Horizon Home expands upholstery offerings by capitalizing on Mexico production

PHOENIX — The word is out that Horizon Home is back in the upholstery business, and the company shows no signs of slowing, exhibiting five new frames in the upcoming High Point Market, in addition to two it featured at Las Vegas in January.

“Now the word is out, people know that we’re in the upholstery program business,” said Felipe Orozco, vice president for sales, adding, “Product is going out the door, initial shipments are hitting retail as we speak.”

Given the demand for upholstered furniture, the company has not been as affected by supply chain issues because their upholstery suppliers are all located in Mexico.

“Because we work with the Mexican upholstery market, which is not as vibrant as U.S. market, there is supply. We’re being proactive, so if we need to bring product in from Asia we can do so as well,” said Orozco.

The fabrics Horizon Home uses for its U.S. products are geared to the middle to upper end. These fabrics are used for higher-end products in Mexico where there is less demand at that price point. Orozco said that as the company’s requirements go up, it will ask their partner mills to bump up production. The company plans to talk with key accounts to reserve fabric for them.

The company improved frame construction and is now using self-decking on all its frames.
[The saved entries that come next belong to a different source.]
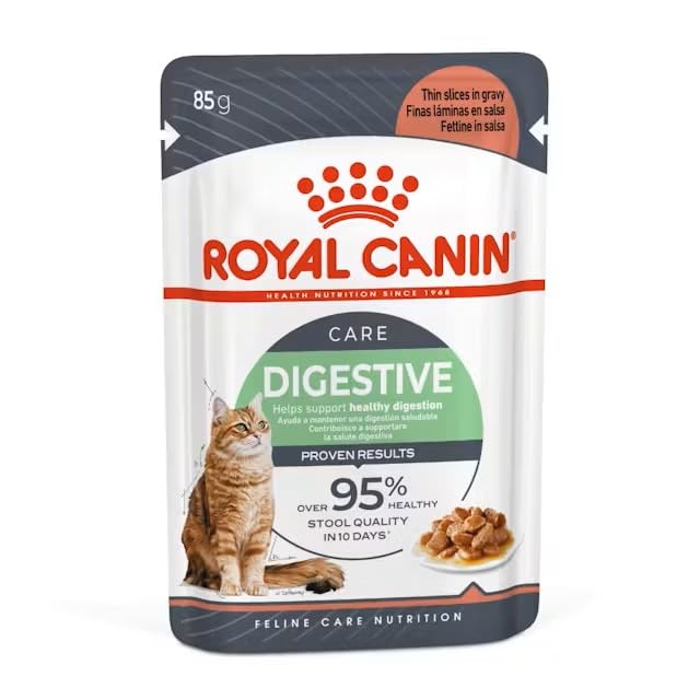 ROYAL CANIN Digestive Care in Gravy is a nutritionally complete and balanced formula specially designed to help support healthy digestion.Thanks to its precisely balanced nutrients, this formula also helps to support healthy stool quality. ROYAL CANIN Digestive Care has proven results. Our study* showed that participating cats achieved over 95% healthy stool quality in just 10 days of being fed with the Digestive Care nutritional programme (combining both the dry kibble and wet food formulas). ROYAL CANIN Digestive Care is also available as a dry kibble diet. A mixture of both wet food and dry food provides the variety cats love. *Royal Canin internal study. INDICATIONS Adult INGREDIENTS Meat and animal derivatives, cereals, minerals, derivatives of vegetable origin, vegetable protein extracts, yeasts DIRECTIONS Complete food for adult cats See more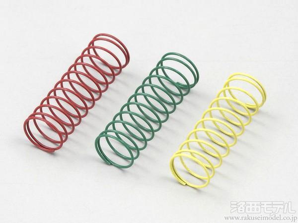 リヤサスペンションの硬さを調整するスプリングセット。硬さの異なる3タイプ入り。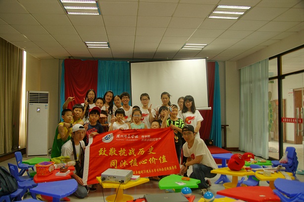 为缅怀不朽历史,宣传爱国主义教育,践行“爱国、进步、民主、科学”的先进核心价值观念,以抗战胜利70周年为契机, 7月15日,湖州师范学院商学院“致敬抗战历史,同沐核心价值”社会实践团的18名学生党员携手余家漾社区,带社区暑托班的孩子重唱抗日史,同沐核心价值。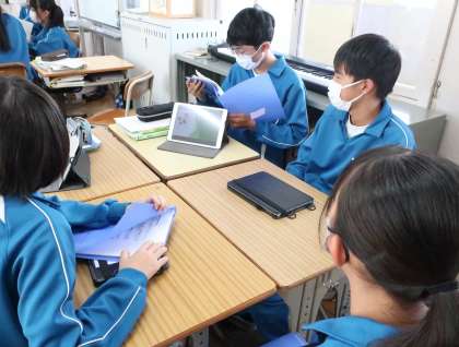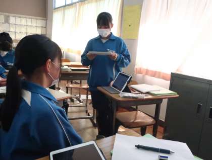 2年3組は午後に行われる「職場体験発表会」に向けて、発表のリハーサルを行っていました。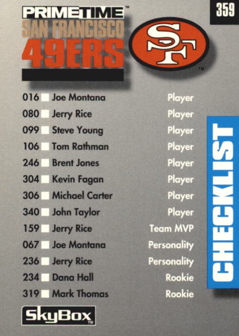 NFL 1992 SkyBox Prime Time - No 359 - San Francisco 49-ers & Seattle Seahawks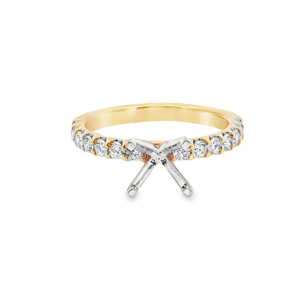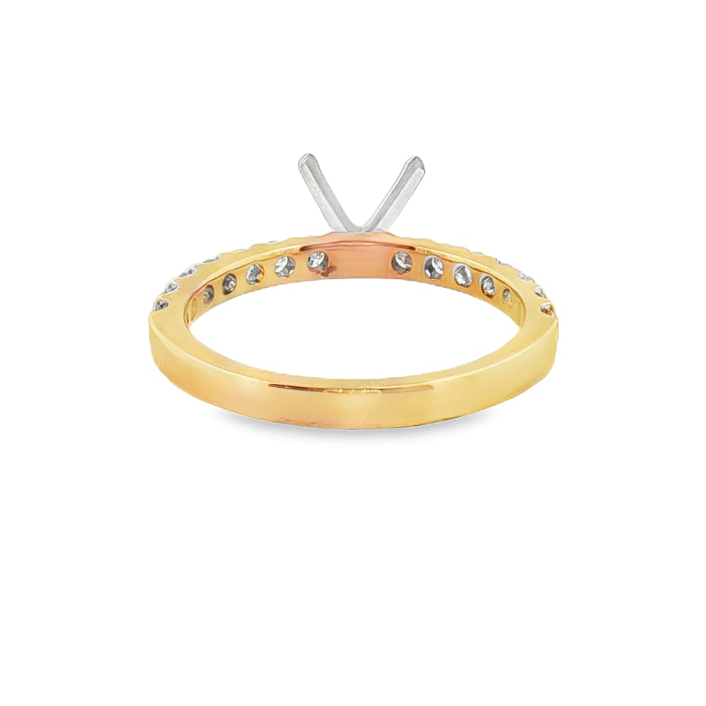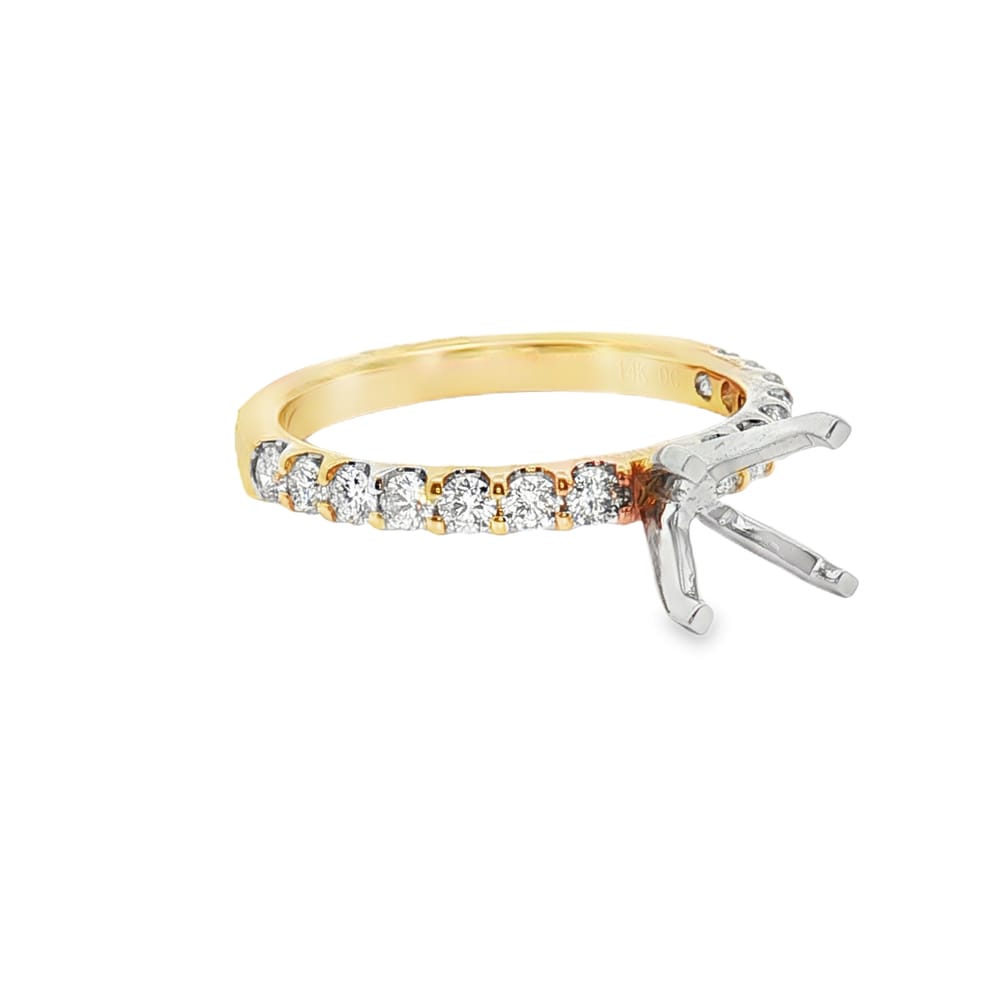 This exquisite engagement ring setting is crafted from luxurious 14K yellow and white gold, combining elegance with durability. It features a captivating arrangement of 14 round diamonds totaling 0.50 carats, providing a brilliant backdrop for your chosen center stone. Perfect for the discerning bride, this ring setting ensures both beauty and lasting quality for a lifetime of cherished memories.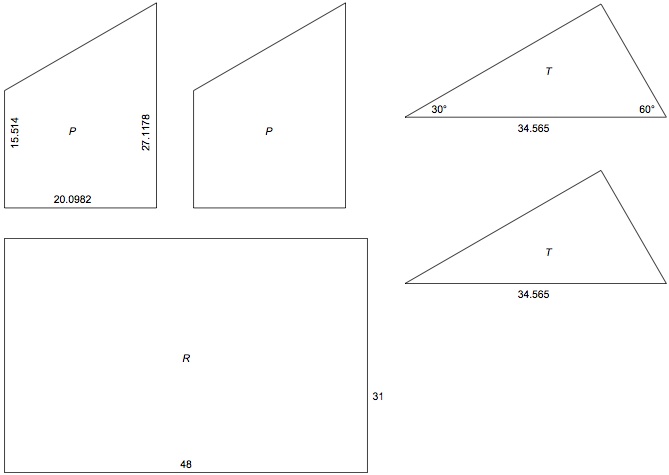 Problem of the Week 1186Coffin's Cruiser PuzzleLet R be a 48 × 31 rectangle. Let T be a 30°-60°-90° triangle with hypotenuse 34.565 (so legs are 17.2825 and 29.934). Let P be a right trapezoid with base 20.0982 and altitudes 27.1178 and 15.514:
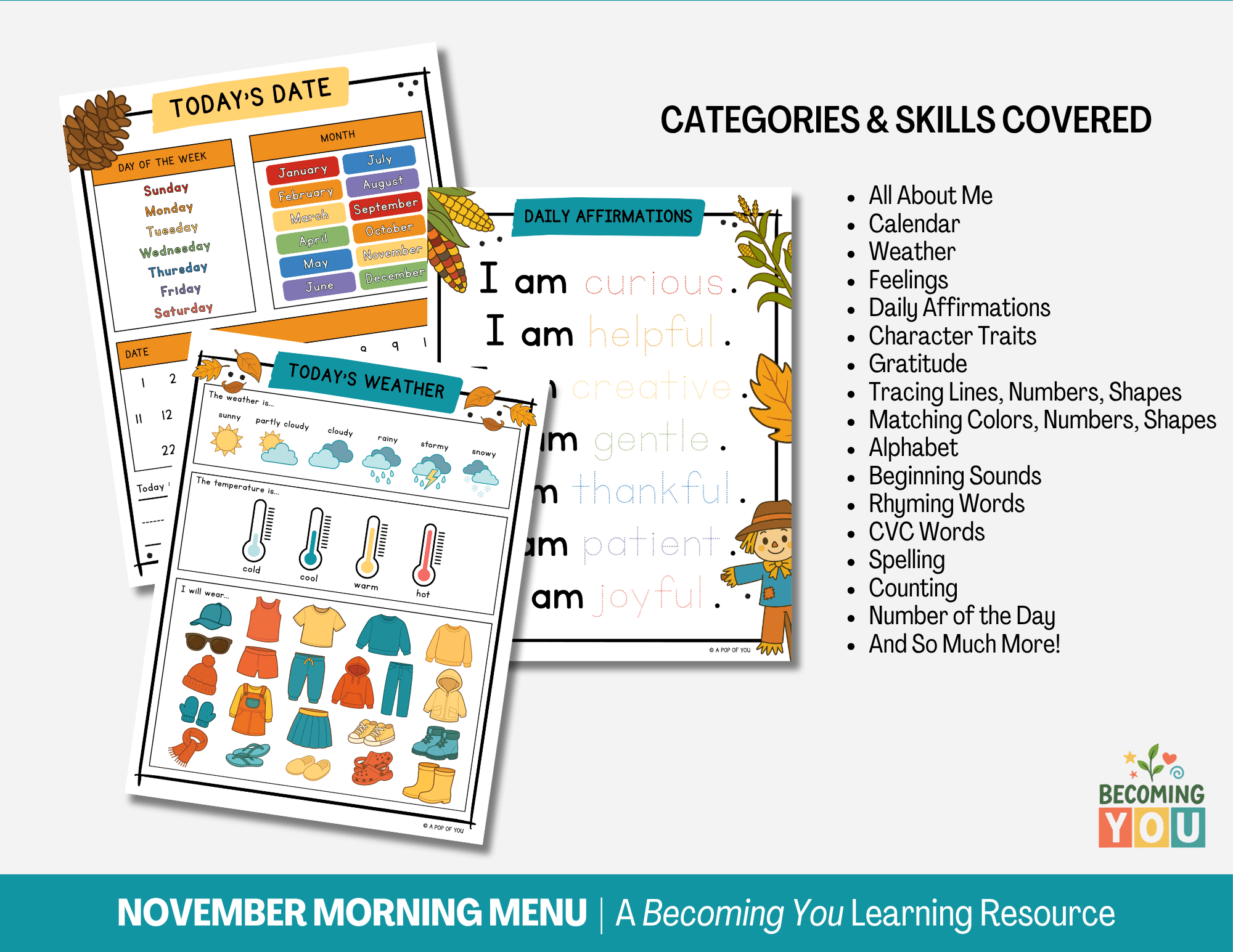 • Seasonal Joy – festive November themes make mornings playful and exciting.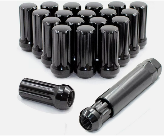 20 BLACK SPLINE LUG NUTS 14X1.5 FOR FORD MUSTANG 2015 & NEWER 2 INCHES TALL AGGRESSIVE STYLE!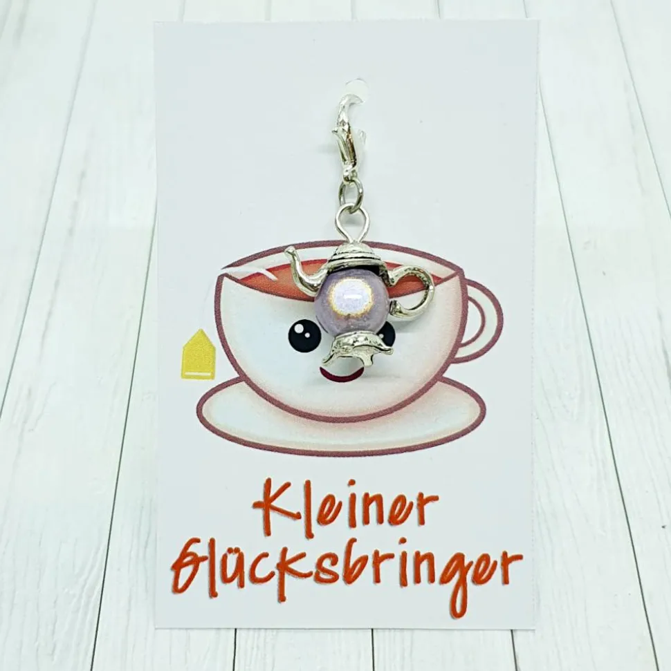 Du suchst ein niedliches Geschenk für einen Heißgetränkeliebhaber? Die Glücksbringer Kanne in silberfarben / puderlila eignet sich perfekt als kleiner Anhänger für Tee- oder Kaffeefans – unabhängig vom Lieblingsgetränk!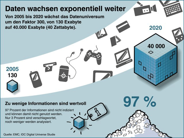 Die Ursachen für das Datenwachstum sind der weltweite Siegeszug der PCs und Smartphones, eine stark wachsende Internetnutzung in den Schwellenländern und die zunehmende Verbreitung vernetzter Geräte wie z. B. Überwachungskameras und intelligente Stromzähler. Diese Entwicklung hat dazu geführt, dass sich das digitale Universum in den letzten zwei Jahren auf unvorstellbare 2,8 Zettabyte verdoppelt hat. In nur acht Jahren soll das digitale Universum auf 40 Zettabyte anwachsen, prognostiziert IDC. Ein Zettabyte sind 1.000.000.000.000.000.000.000 Byte – eine Zahl mit 21 Nullen. Zum Vergleich: Es gibt 700.500.000.000.000.000.000 Sandkörner auf allen Stränden auf der Erde (oder siebenhundert Trillionen fünfhundert Billiarden). 40 Zettabyte entsprechen 57 Mal der Menge der Sandkörner auf allen Stränden der Erde. Oder anders betrachtet: Im Jahr 2020 wird jeder Mensch im Schnitt jährlich etwa 5.247 Gigabyte zum digitalen Universum beitragen.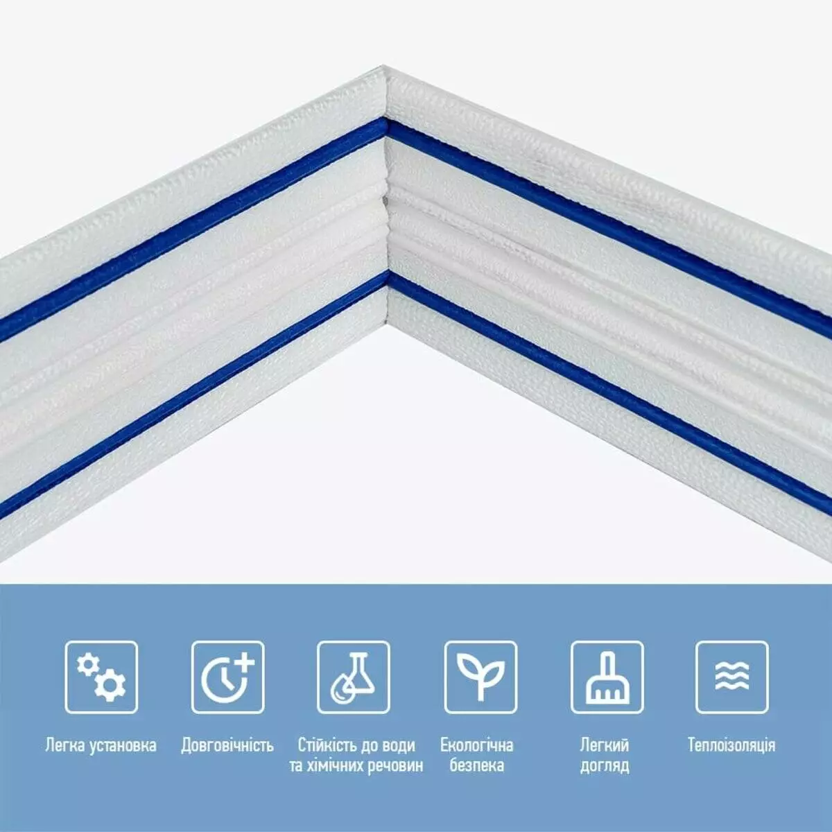 Плінтус РР самоклеючий 2300х140х4мм Білий з синьою смужкою (D) SW-00001811
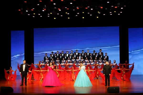 新年音乐会在民族管弦乐合奏《少林雄风》中拉开序幕。艺术学院师生带来了精彩纷呈的表演,有男声独唱《敢问路在何方》,女声独唱《历史的天空》《爱情像一只自由的小鸟》,女声组唱《女儿情》,合唱《Arirang》,独舞《待下次风起时》,群舞《绿水青山》,民族管弦乐合奏《西游记序曲》《好汉歌》,管弦乐重奏《花好月圆》,器乐重奏《自由探戈》,钢琴四手联弹《丝路驼铃随想曲》等,动听的音乐、优美的舞蹈博得与会嘉宾的热烈掌声。最后,在饱含希望和充满祝福的男女声四重唱《中国进入新时代》中,音乐会圆满落下帷幕。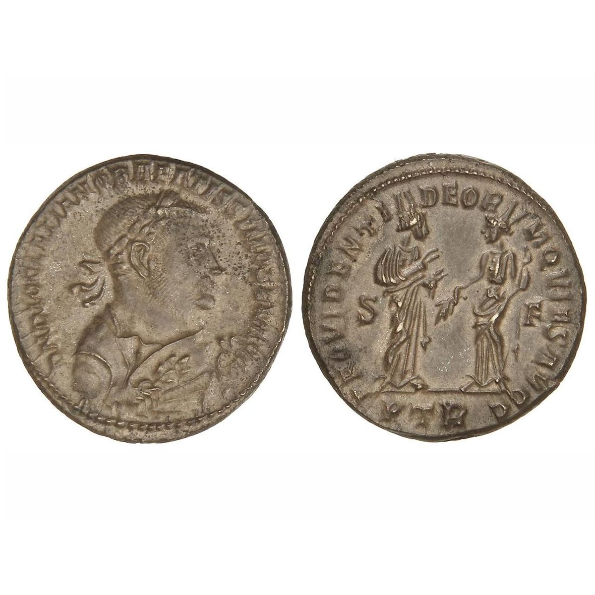 Follis. - Acuñada el 305-307 d.C. - DIOCLECIANO. - Rev.: PROVIDENTIA DEORVM QVIES. AVGG. PTR. En el campo S.F. Providencia y Tranquilidad frente a frente. 10,30 grs. AE. Pátina marrón. C-422. EBC. - -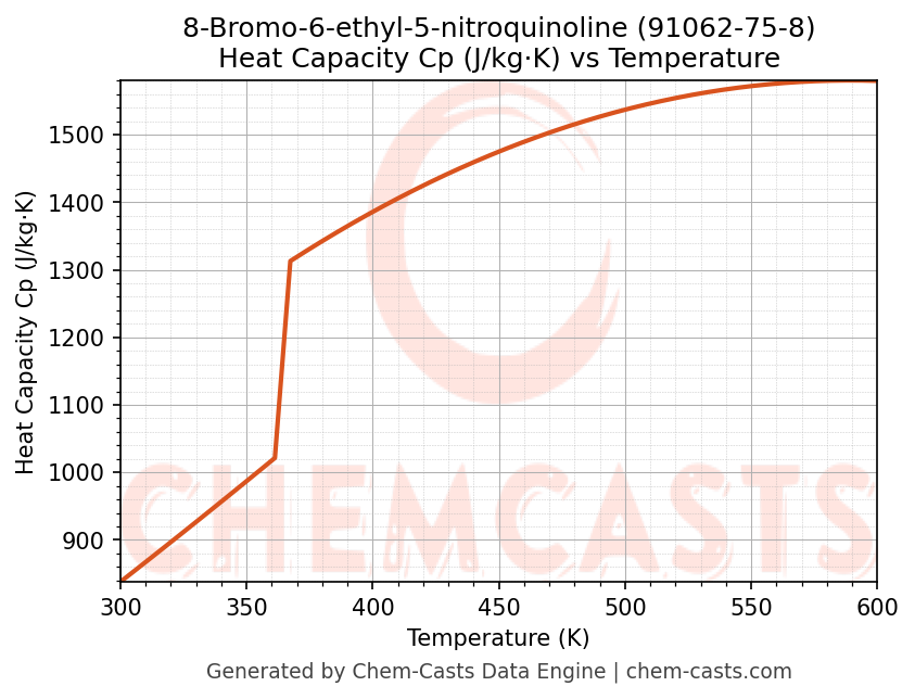 - Specific heat capacity (Cp) indicates the amount of energy required to raise the temperature of 8-Bromo-6-ethyl-5-nitroquinoline and is critical for energy balance and heat-exchanger design.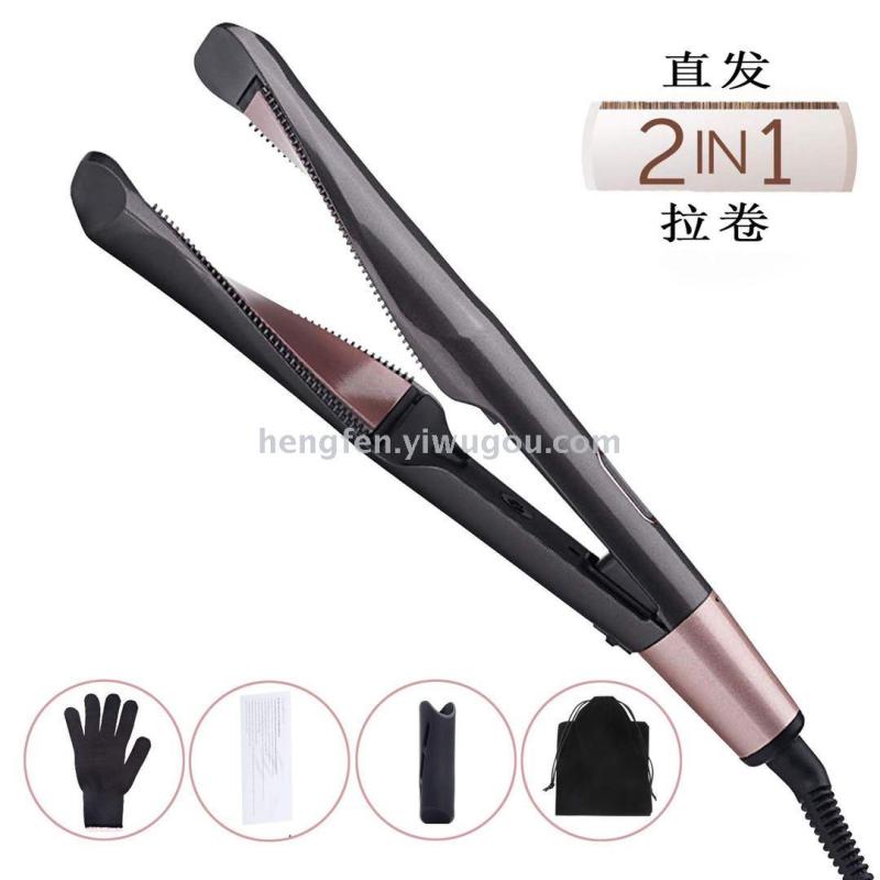 Coil straight two-in-one splint electric straightener LCD curler warps ceramic straight comb

This did not correspond to increased production costs because the company was able to realize savings on the labor side. Self-deck on the fabric costs less to stock and involves one process less to complete, according to Orozco. Even though the company spends more on the covers, the other price-savings make up for the difference.

Orozco noted that in Mexico’s cities, there is a big competition for labor. “For us, when we looked at this program, we went with a labor pool that is one hour outside of the city. In Mexico, people don’t commute that far, and they rely on public transport only. This factory is located outside the city—it’s a captured labor pool,” said Orozco.

“Our location allows us to expand our labor pool as we grow and gives us a favorable labor rate because the cost of living is less.”

With so many manufacturers nearshoring in Mexico, freight is still very volatile right now, according to Orozco. Demand is greater than the supply for transportation.

Horizon Home has a logistics department in Mexico that has become more involved daily to control transport costs. “We’re looking at transloading at the border on goods that won’t have impact if they’re touched at the border.”

Currently, the company is working with owner-operated transport as Horizon Home has found it to be a less expensive alternative to working with larger shipping concerns.